The issue with Orban’s Hungary is not exclusively its flirtation with authoritarianism, but the mockery they are making of the EU and its fundamental principles. According to Amnesty International’s 2019 Report on Hungary, the government has extensive control over the judiciary, refugees and asylum-seekers in Hungary have only severely restricted access to food, and there is a clampdown on academic freedom. NGOs remain a target, and that the tightening of Orban’s control has a ‘chilling effect’ on civil society.
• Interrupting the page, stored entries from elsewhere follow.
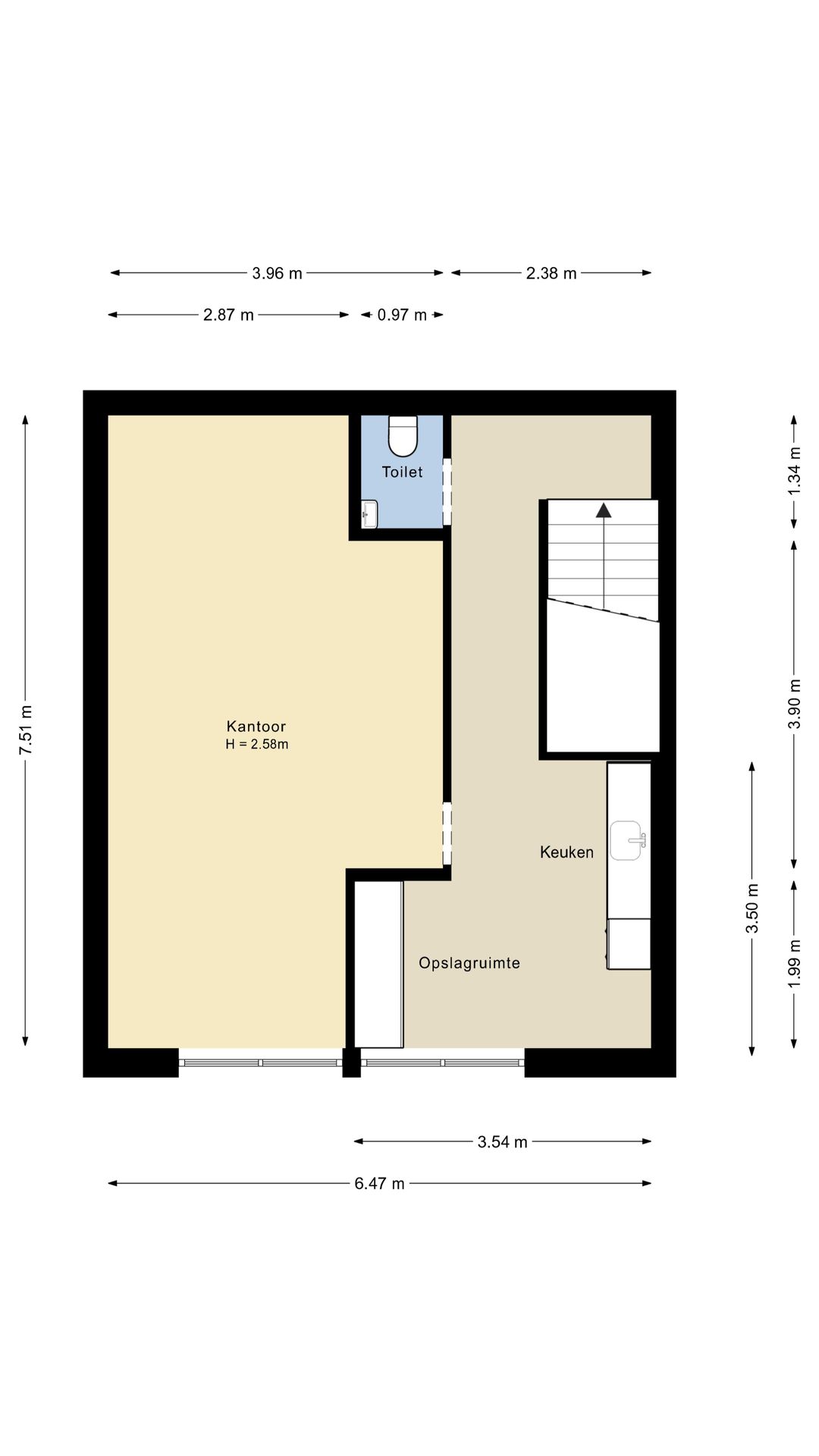 - begane grond: circa 58 m² bedrijfsruimte, uitstekend te gebruiken als opslag of werkplaats
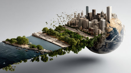 This striking image showcases the delicate balance between nature and urban development, symbolizing the importance of sustainability and environmental responsibility.
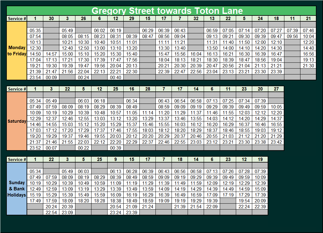 Gregory Street is not close to a major NCT bus route, the nearest bus service walking route is shown below.
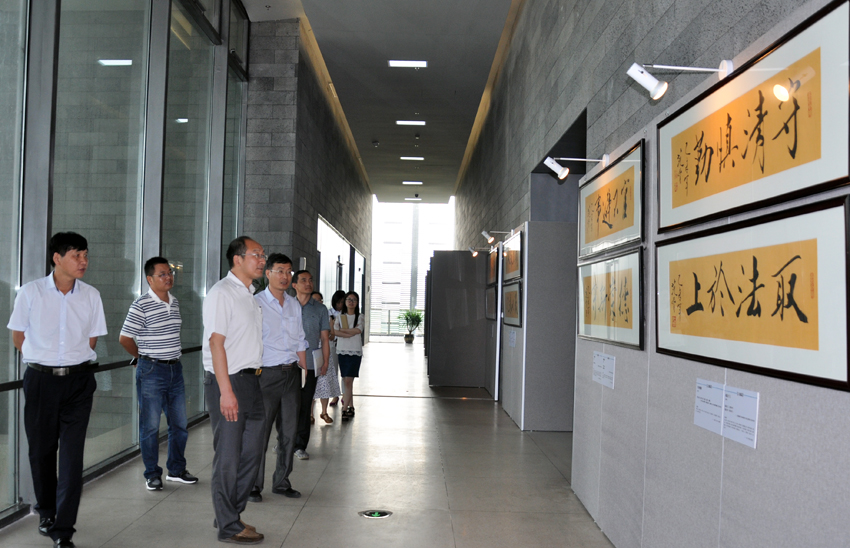 随后,支部全体党员共同参观了范曾先生《锦文掇英——学研习近平用典心得》书法展。“书生报国何所计,惟有诗骚屈杜魂”。作为一位艺术大师,范曾先生以独特的视角、特有的品读方式,凭借深厚的学养、诗性的语言、睿智的感悟学习《习近平用典》,将其心得归纳为147则四字短语,并用独到的书法形式,简洁流畅、含蓄蕴藉地表达出来。通过书法展的学习和欣赏,支部党员不仅感受到了中国古典文化的内在之美,而且进一步认识了习近平总书记用典的深刻含义,深入领会了习近平总书记系列讲话的重要精神,体验了一场开放式的生动活泼的特色专题党课。
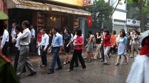 | Sau khi xe cứu hỏa rời khỏi hiện trường, nhiều nhân viên làm việc trong tòa nhà mới biết đây là cuộc diễn tập PCCC mà Ban quản lý tòa nhà muốn các nhân viên văn phòng làm quen và rút kinh nghiệm khi có cháy thật xảy ra. |
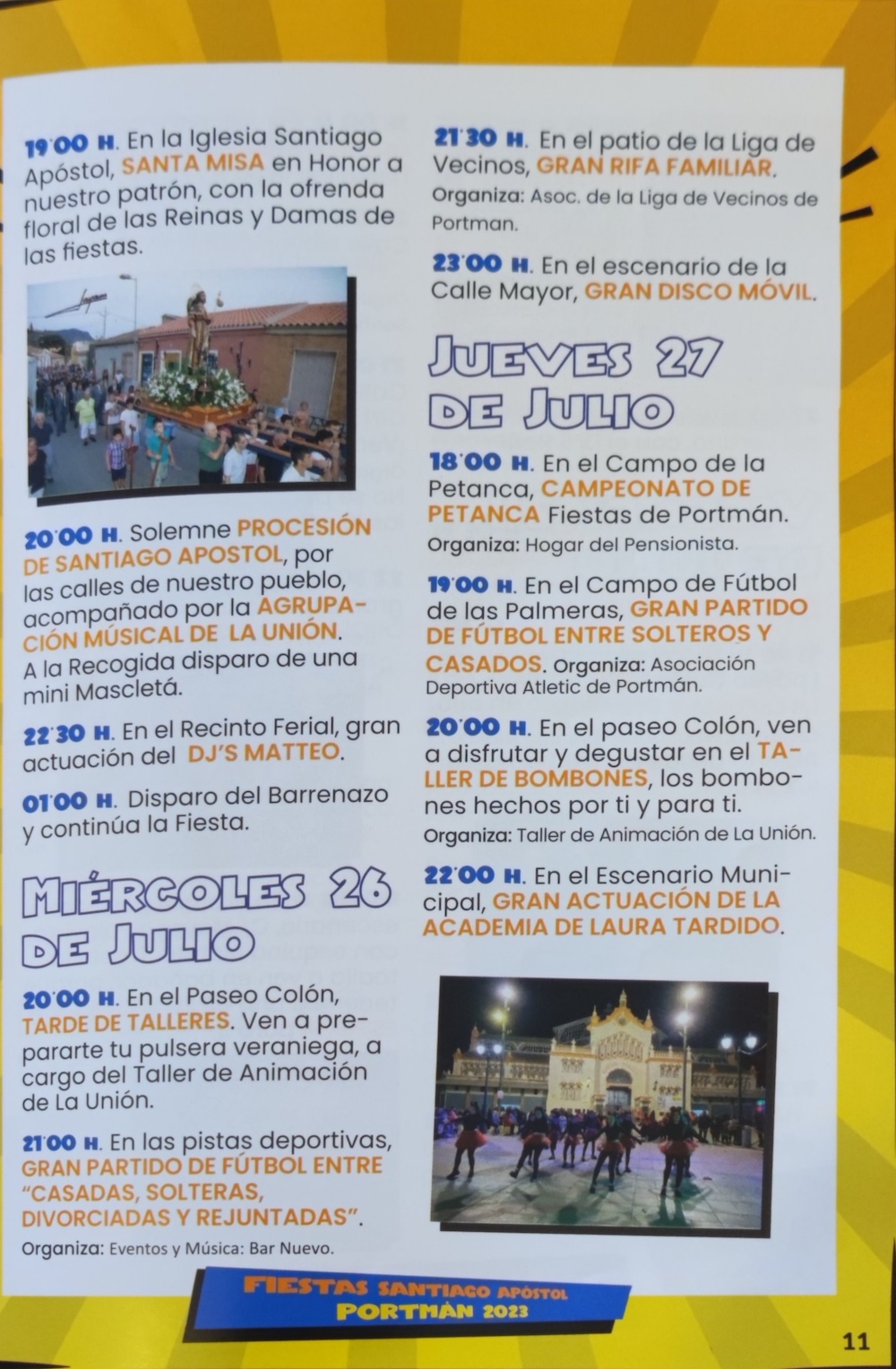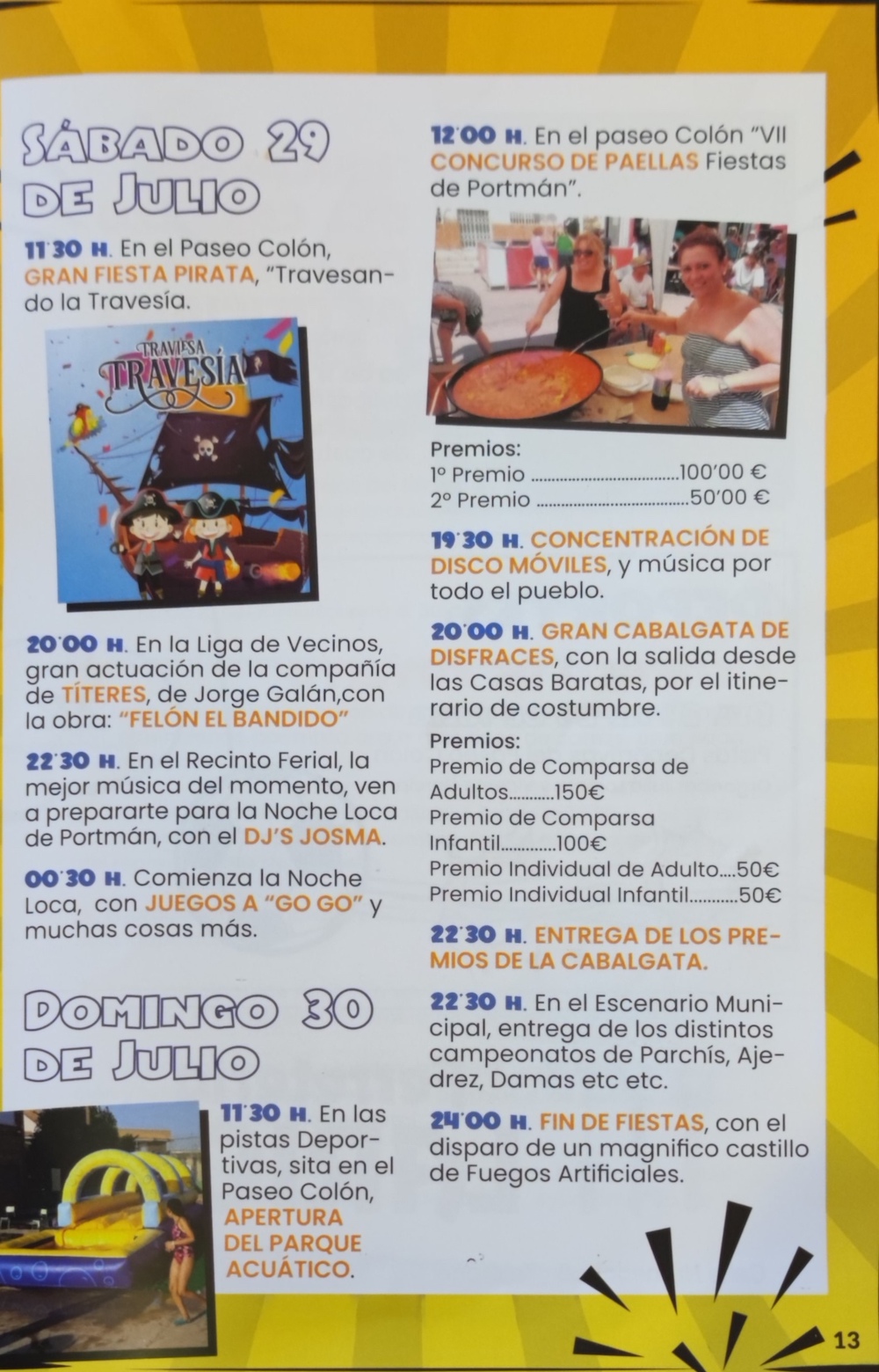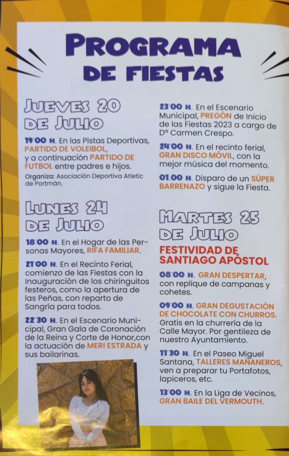 El programa central se desarrolla desde hoy hasta el domingo, comenzando con la gala de proclamación de la corte de honor, el pregón de Carmen Crespo y la actuación de Meri Estrada. El martes son los actos en honor al patrón, Santiago Apóstol, y también hay jornadas con cine, talleres, fiestas del agua y de la espuma, carreras de cintas, fiesta pirata, títeres, concurso de arroces, cabalgata de disfraces, concierto de 'La guarida', etc.

The Treaty of the European Union explicitly says in its first title common provisions that [the union is] “founded on the values of respect for human dignity, freedom, democracy, equality, the rule of law and respect for human rights, including the rights of persons belonging to minorities.” If Brussels does not begin to actively challenge the blatant violation of its most basic principles, then its fundamentals will be valid on paper only.
Preserving the democratic nature of the European Union requires using all measures possible to remove hostile regimes from within. In 2018, Hungary contributed a little over €1 billion to the EU budget, meanwhile receiving €6.3 billion. The EU contribution that year made up about five percent of the Hungarian economy. Hungary benefits from the EU with a surplus of over €5 billion. The idea of a united Europe is as much of a peace project as it is an economic union. An open, unified and free Europe took centuries to develop. It is an outright slap in the face that Orban and his party not only try to unravel their democratic fabric but get to benefit economically in the process.
Although the European Union cannot directly mandate Hungarian policies, as it would violate their sovereignty, they should put their foot down and immediately halt all economic contributions that serve to benefit the regime. The effect of inaction is already noticeable. Poland’s democratic backsliding mirrors that of Hungary’s, and the two often protect each other from EU affairs. The political repercussions will only become more severe as other political factions in central and eastern European countries gain traction by aligning with Hungary. Notable examples include Slovenia’s Democratic Party and Romania’s Social Democratic Party. To prevent further fracturing of the EU’s fabric, it must weed out the moths eating it— or at the very least stop financially rewarding them for doing so.